As the Government of Canada’s lead on the Development Innovation Fund, IDRC draws on decades of experience managing publicly funded research projects to administer the Development Innovation Fund. IDRC also ensures that developing country researchers and concerns are front and centre in this exciting new initiative.

www.idrc.ca

There’s also a Nov. 22, 2012 news release about the newly funded projects which are being led internationally. Here’s a few I find particularly interestin,

A new trading system in Kenya: seeds and fertilizers for proof of child vaccinations

(for video: http://bit.ly/UFlMmN)

To eliminate persistent pocket areas of Kenya where children are not vaccinated or undervaccinated, researchers will create a barcoded vaccination card redeemable for farm seeds and fertilizer.

Updated each time a child gets a vaccine, the card is taken to one of about 20,000 local agro-vet outlets, where the barcode is scanned using an app on a camera-equipped smartphone. The farmer would then redeem an “agri-credit” for essential farm inputs.
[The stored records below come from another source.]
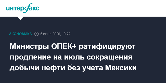 Министры ОПЕК+ ратифицируют продление на июль сокращения добычи нефти без учета Мексики
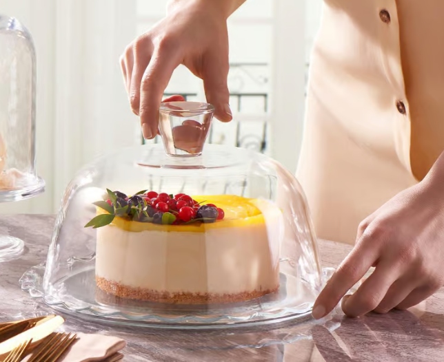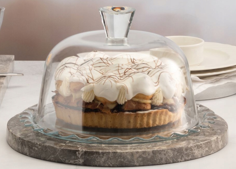 Będzie ciekawym uzupełnieniem zastawy stołowej, a dodatkowo pięknie wyeksponuje każdy deser. Patera posiada klosz, dzięki czemu uchroni wypieki przed wysychaniem lub owadami w okresie letnim.
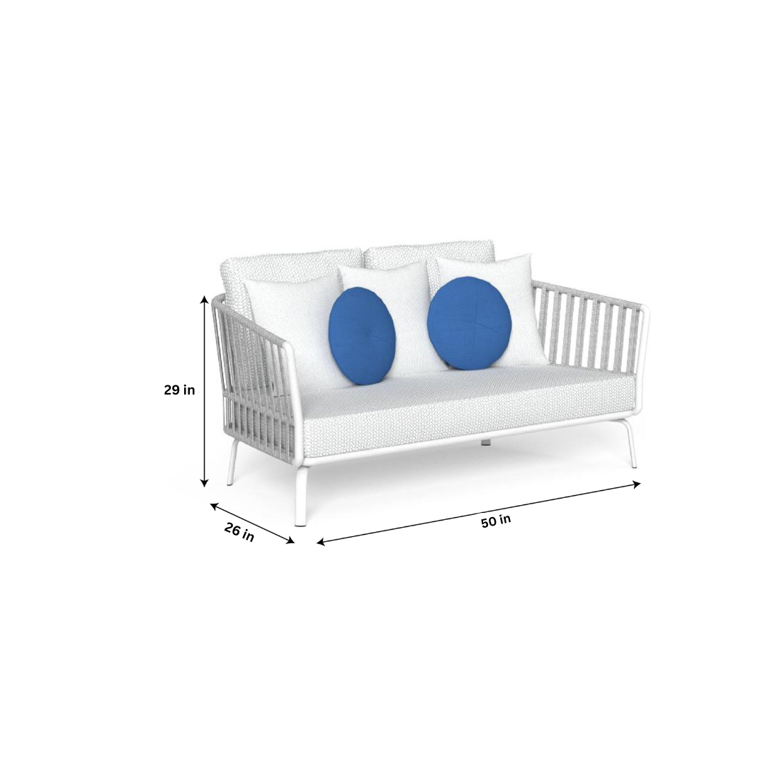 Two seater: Width 50 inch, D 26 inch, Height 29 inch
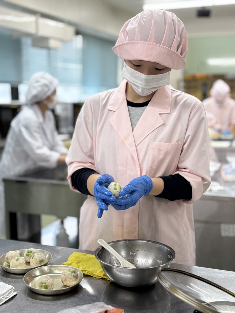 学内では、スポーツ栄養ゼミの学生たちが複数回にわたって試作を行いました。
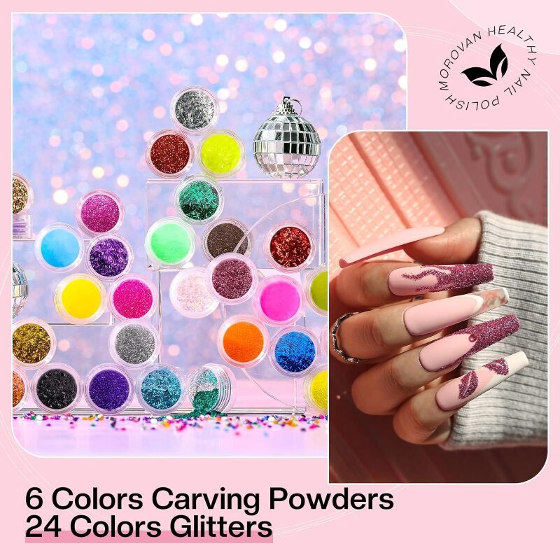 GLITTER ACRYLIC POWDER SET : Morovan acrylic powders are made from a non-yellowing formula, acrylic powders can be mixed with nail brush cleaner to form a bubble-free polymer, providing perfect transparency and excellent adhesion. With this acrylic nail kit with drill , you can create acrylic nails extension for long lasting sparkle effect.
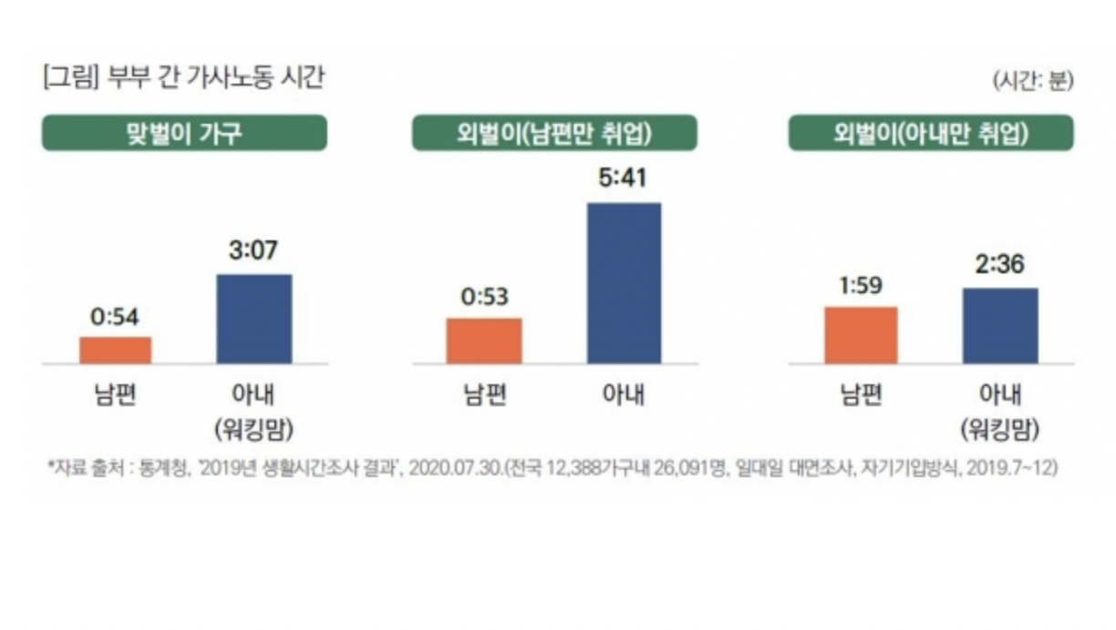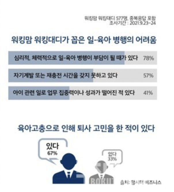 두 번째 이유는 일-육아 병행의 어려움이다. 앞선 김승아 대표님의 인터뷰에서도, 하단 좌측 통계자료에서도 알 수 있듯이 일과 육아를 병행하는 것은 심리적, 체력적인 부담이 크게 따른다. 그 상황에서 평일 퇴근 후 장 보러 마트를 가는 것은 부담이 크며, 아무래도 마트 이용 행태는 주말에 구입하여 평일에 소비하는 방식이거나 온라인 구매일 가능성이 높다. 특히 주말에 구입한 식자재로 일주일 동안 소비하게 되며, 아무래도 유통기한이 긴 식품 위주이거나 일주일 동안 신선로 하락은 피치 못할 수밖에 없다.

Lead researcher Benson Wamalwa of the University of Nairobi says the program “would powerfully incentivize parents to seek and adhere to their children’s immunization schedule even when hard pressed financially to reach a distant vaccination centre.
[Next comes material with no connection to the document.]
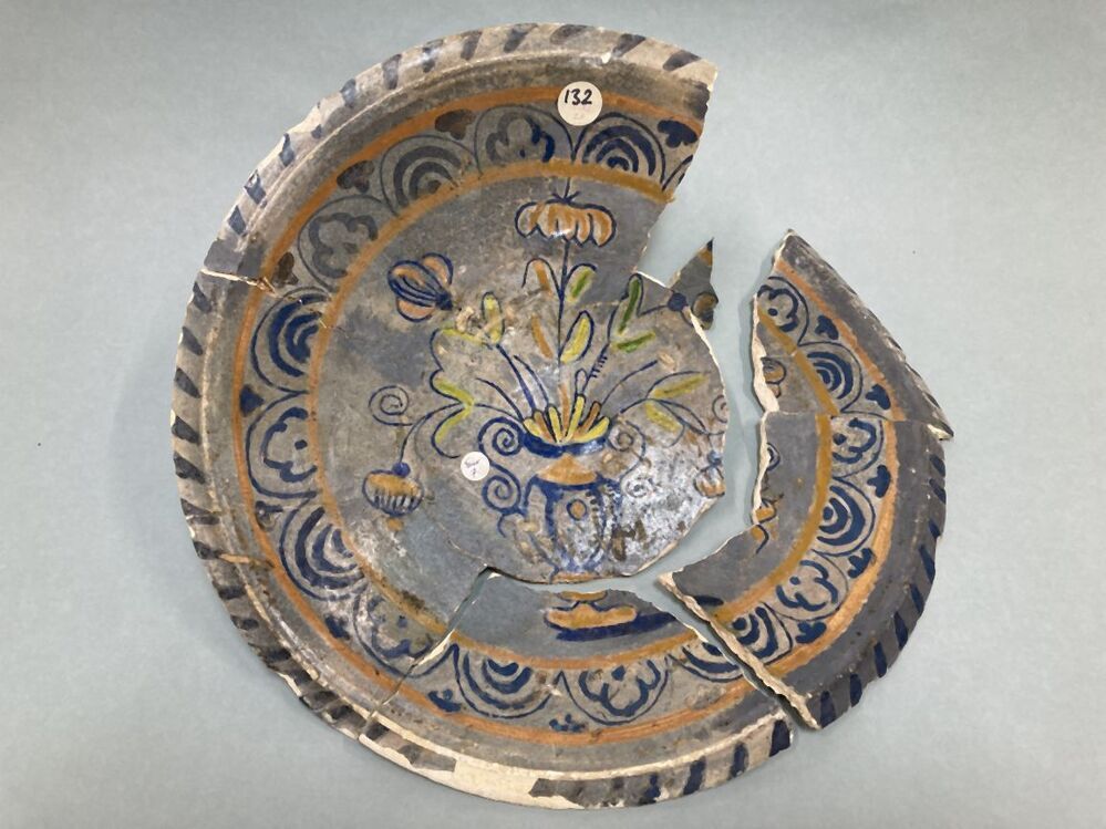 Vijf schotelfragmenten met bloemendecor
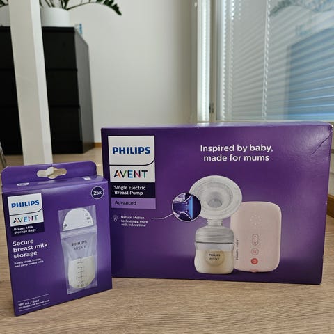 Philips Avent rintapumppu, sähköinen malli. Mukana kaikki rintapumpun osat. Sopii ainakin Philips Avent pulloille sekä MAM tuttipulloille. Ostettu uutena heinäkuussa 2025, ollut käytössä noin 4 kk. Steriloitu ja puhdistettu suositusten mukaan aina käytön jälkeen.

The idea is a practical solution that would significantly boost small farm productivity and incomes for poor household while safeguarding the general health of children in farming villages through up-to-date immunizations.”

Creating wealth from human waste in cholera-troubled Haiti

(for video: http://bit.ly/RBbN38)

The recent cholera outbreak in Haiti heightened both awareness of the problem’s cause and demand for better sanitation services — a tough challenge in environments without reliable running water. Meanwhile, national demand for farm and forest compost is high.

Hoping to capitalize on those twin realities, a Haitian group will build in urban slums the first new $200, waterless “EcoSan” toilets that produce revenue-generating compost, with hopes of inspiring entrepreneurs to replicate the project throughout Haiti and around the world, where 2.5 billion people lack sanitation access.

The project will document the number of toilets built and people receiving sanitation services, quantity of compost produced, sales and the outcomes of tests for pathogens and nutrients.

A $100 kitchen reno to reduce indoor pollution and problem pregnancies in Bangladesh

(for video: http://bit.ly/THAPNQ)

The International Energy Agency estimates that biomass fuels such as wood and dung will continue providing 30% of global energy in resource-poor settings though 2050.

Exposure to smoke from biomass cooking fuels, however, is known to cause placental dysfunction and is highly associated with low birth-weight babies in developing countries. Part of the solution could be a locally-made, simple prefabricated “$100 kitchen” featuring a clean-combustion stove.

Researchers in Bangladesh will conduct a randomized controlled trial with 430 willing mothers, 2 to 3 months pregnant, half of whom will use the innovative, well-ventilated $100 kitchen with reinforced cement infrastructure, a waste disposal system, and a stove that combusts biofuels with minimal smoke.

Mobile app to reduce obesity in northern Nigeria

(for video: http://bit.ly/THB7nV)

WHO projects that globally by 2015 about 2.3 billion adults will be overweight; more than 700 million will be obese — an epidemic growing fastest in developing countries and leading to diseases like type 2 diabetes, cancers, cardiovascular disease, hypertension and stroke.

In rural northern Nigeria, where mobile phone use is now common (use in Nigeria rose almost 1,300% in 2010-11), health researchers led by Sally Akarolo-Anthony will work with a high-tech firm to create a smartphone app to provide a virtual mentor and online buddy system.

The app will compute a user’s metabolic rate and caloric requirement, prompt daily exercise, collect data on activity and eating, offer healthy diet tips (e.g. white vs. brown rice), estimate the daily calorie intake required to meet a weight-loss goal, and monitor change over time.

I wish all of the researchers success with their projects, which would mean success for Grand Challenges Canada and this particular model for funding.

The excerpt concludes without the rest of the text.